During this time, personal works, such as Fielding's Amelia, became targets for a "paper war" between various London writers. Fielding was quick to respond, and on 11 January 1752 in a piece published in The Covent-Garden Journal, he ironically stated: "a famous Surgeon, who absolutely cured one Mrs Amelia Booth, of a violent Hurt in her Nose, insomuch, that she had scarce a Scar left on it, intends to bring Actions against several ill-meaning and slanderous People, who have reported that the said Lady had no Nose, merely because the Author of her History, in a Hurry, forgot to inform his Readers of that Particular." However, Hill was not the only one to attack during this time; Bonnell Thornton wrote satires of Amelia in the Drury-Lane Journal.
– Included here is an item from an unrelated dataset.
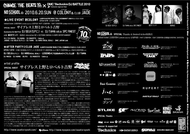 changethebeats 10th Anniversary × DMC TECHNICS DJ BATTLE 2010 HOKKAIDO Regional Heat AFTER PARTY changethebeats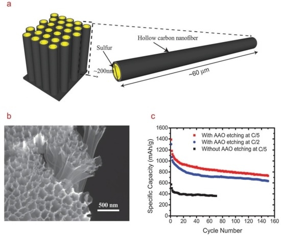 Initially, carbon nanofiber (CNF) was used as an additive in the sulphur electrode in order to improve cycling properties [106,107]. In 2011, Elazari et al. [108] synthesized CNF–S composites by impregnating microporous activated carbon fibers with elemental melted sulphur, and Ji et al. [109] encapsulated sulphur in porous CNFs via electrospinning, carbonization, and solution-based chemical reaction–deposition method. The CNF–S composites prepared by two distinctive methods as cathodes for Li–S batteries were both evaluated, and demonstrated good electrochemical performances. Both of them attributed the good electrochemical performance to the high electrical conductivity and the extremely high surface area of the CNFs that homogeneously disperse and immobilize S on their porous structures, alleviating the polysulphide shuttle phenomenon. Following this line of research, Cui’s group [110] used anodic aluminum oxide (AAO) as the template to synthesize hollow CNFs with a high aspect ratio. Sulphur was then loaded into the hollow CNFs by mixing and heating to 155 °C. The schematic diagram of the high aspect ratio 1D hollow CNF–S composite is shown in Figure 9a. The presence of the AAO membrane prevents the coating of sulphur onto the outer walls of the CNFs, thus reducing the exposure of sulphur to the electrolyte (Figure 9b). Electrochemical testing showed that this sulphur cathode delivered a high initial discharge capacity of around 1400 mA·h·g−1 with around 75% sulphur loading in the electrode and 1 mg·cm−2 of sulphur content. The cycling capacity retention also showed significant improvement, with a reversible capacity of around 730 mA·h·g−1 after 150 cycles of charge–discharge (Figure 9c). Recently, they found that, by introducing amphiphilic polymers to modify the CNF surface that renders strong interactions between the nonpolar carbon and the polar LixS clusters, the capacity fading mechanism can be reduced further [111]. The modified sulphur cathode showed excellent cycling performance with specific capacity close to 1180 mA·h·g−1 at C/5 current rate. Capacity retention of 80% was achieved over 300 cycles at C/2.

Thornton's satires were first published on 16 January 1752 and included a fake advertisement for a parody novel called "Shamelia", playing off of title of Fielding's parody Shamela. He later parodied the work on 13 February 1752 in a piece called "A New Chapter in Amelia." Tobias Smollett joined in and published the pamphlet Habbakkuk Hilding anonymously on 15 January 1752. Although there was much criticism, there was some support for the work, and an anonymous pamphlet was written to attack "Hill and 'the Town'" and praise the novel. On 25 January 1752, Fielding defended his work again by bringing the novel before the imaginary "Court of Censorial Enquiry", in which the prosecutors are Hill and the other critics and it is they, not Amelia that are truly put on trial.

Fielding's rival, Samuel Richardson, declared in February 1752 that the novel "is as dead as if it had been published forty years ago, as to sale." Previously, he attacked the "lowness" of the novel and claimed that "his brawls, his jarrs, his gaols, his spunging-houses, are all drawn from what he has seen and known." However, Richardson also claimed to have never read Amelia but, years later, Sir Walter Scott argued that Amelia was "a continuation of Tom Jones." The second edition of Amelia was criticized for its various changes to the text. Some aspects of the revision, such as removing of Fielding's Universal Register Office, were seen as "damaging" the work, although they were intended to remove anachronisms. In The Bible in Spain (1843) George Borrow, describing his first visit to Lisbon, wrote: "Let travellers devote one entire morning to inspecting the Arcos and the Mai das Agoas, after which they may repair to the English church and cemetery, Pere-la-chaise in miniature, where, if they be of England, they may well be excused if they kiss the cold tomb, as I did, of the author of Amelia, the most singular genius which their island ever produced, whose works it has long been the fashion to abuse in public and to read in secret."

In recent years, critics have examined various aspects of the novel that were previous ignored; on the Virgilian images in Amelia, Ronald Paulson claimed that they "elevate the domestic (marriage) plot and to connect it with public issues of a degenerating society and nation." However, those like Peter Sabor do not agree that the themes create "an elevating experience".